Reading your other thread however, this is not the case and your theory is flawed...you cannot by adjusting the stake turn a bet with juice into profit over the long term. Any game in a casino has juice and gives the casino an edge (sometimes it's a small edge, yes, but there's always an edge), even baccarat. This is a mathematical certainty.

[benjy]

Looks like you want to calculate "risk of ruin". The first google result gives a handy calculator:

http://www.automated-trading-system....culation-tool/

For this you'll need to add number of trials. As stated the question posed seems to be lose "ever". Using infinity as the number of trials the answer to ALL of the bankrolls is 100%. Infinity is an unusual thing.

[Redwing41]

The odds of losing 10 times in a row with a 50% chance of something happening are about 0.00098%. Logically, if the payout is +101.5 your chances of going bankrupt with a bankroll of 50 units are so close to 0 the number is almost negligable. The math is in your other thread. This is taking variance into account (betting a fixed stake with 50% odds and a positive payout using 2% or even 4% of your bankroll will reduce the risk of bankruptcy to something as close to 0 as possible).

Reading your other thread however, this is not the case and your theory is flawed...you cannot by adjusting the stake turn a bet with juice into profit over the long term. Any game in a casino has juice and gives the casino an edge (sometimes it's a small edge, yes, but there's always an edge), even baccarat. This is a mathematical certainty.

Can you explain the math "Logically, if the payout is +101.5 your chances of going bankrupt with a bankroll of 50 units are so close to 0 the number is almost negligable"" It would look very likely at +101.5 odds w/ 50 units at bj table you will strike out? If you hit a big streak of 10 losses then win/lose similar amount, then a loss of 4, and then a continual bad break. In about 100 hands it could become 70 lose rate for that short period of time.

[Alfa1234]

As mentioned above, the chances of hitting a 10 loss streak is 0.00098%. Twice in a row is extremely unlikely. Another loss of 4...and you'd still have 50% of your bankroll left if you were working with 2% stake.

Black jack does not give you a 50% chance of winning every hand. You said something with a 50% chance of winning and a positive payout.

[Redwing41]

Lets say you have a bank roll of 50 units at 1 unit a bet. Out 80 total games in that particular session you win 30 out of 80 games = -10 = 50 -10 = 40 units. Lets say from there you get unlucky and hit a 10 loss streak. -30 units. then go up some and down some, then you lose again and your down to your last 20 units. You go back up to 35, then down, then up until you lose.
You have some safety but 50% win rate has some large swings.

If you had 10,000 units you would 99.999999999999% safe. what is the amount of units where you are getting 99.9%, 50% safety.

Yes, I said 50% chance of winning at positive payout as a reference.. It is easier to calculate with those values, and I was trying to prove a thought, even at +105 at 50/50 you can still lose your bankroll if you start off too small a bankroll or too many units.

[Alfa1234]

50 units with a 50% chance of winning and a 1 unit bet size has such a small risk of bankruptcy as the risk being negligent.
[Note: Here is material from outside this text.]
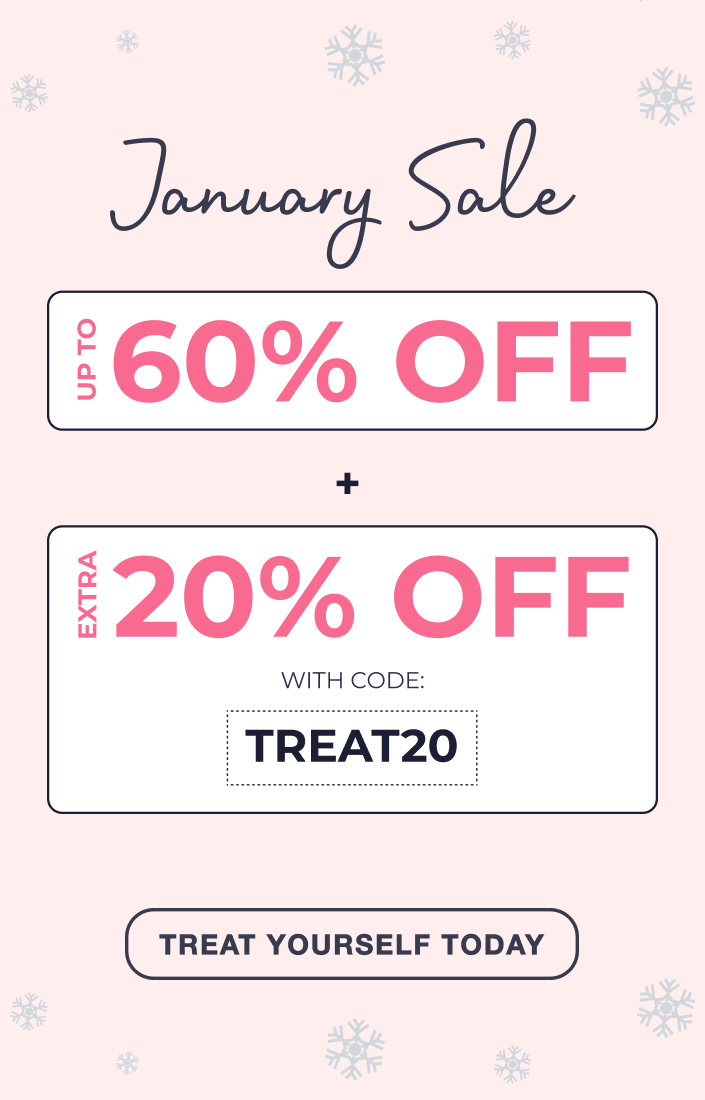 UP TO 60% OFF JANUARY SALE + EXTRA 20% OFF WITH CODE: TREAT20

It takes some very difficult math to calculate what you're asking but I believe the chance is lower than 1 in 2 to the power of 50.

[Redwing41]

50 units with a 50% chance of winning and a 1 unit bet size has such a small risk of bankruptcy as the risk being negligent. It takes some very difficult math to calculate what you're asking but I believe the chance is lower than 1 in 2 to the power of 50.

I dont think the math works out like that. There is definately a chance to lose, if you meet unusually large losses and small wins. But it does seem pretty safe, at 10 units, I would say it is very risk, at 20 units it still is risky, 40-50 starting to get safer, at 100-150 units is very safe, unlikely you will lose, 500 units is 99.999999.



That is what im trying to figure out, how to calculate this, even a very crude way to find a rough estimate by maths.
because at 10 units, 15 units and 25 units is very different in terms if you will go bankrupt even 50/50 coin flip and +100 odds. With 50 total bets you may get as low as -35 units in a down swing. It is not unlikely to see 6 losses, 5 losses, 4 losses in a row and they will add up, given enough units you will even out at even odds + win%.

[Alfa1234]

I believe you are trying to figure out the standard deviation. This depends on the number of bets you are going to make. But obviously there is some deviation to the standard method as you would be expecting to make a profit after x number of bets because of you +EV.

[Redwing41]

If I find the standard deviation of X how do i then connect that to the amount of bets necessary to break even on average? and the starting size of br to accommodate the lowest losing streaks and making your bankroll 99.99 percent safe or to whatever percent you feel safe 90, 95.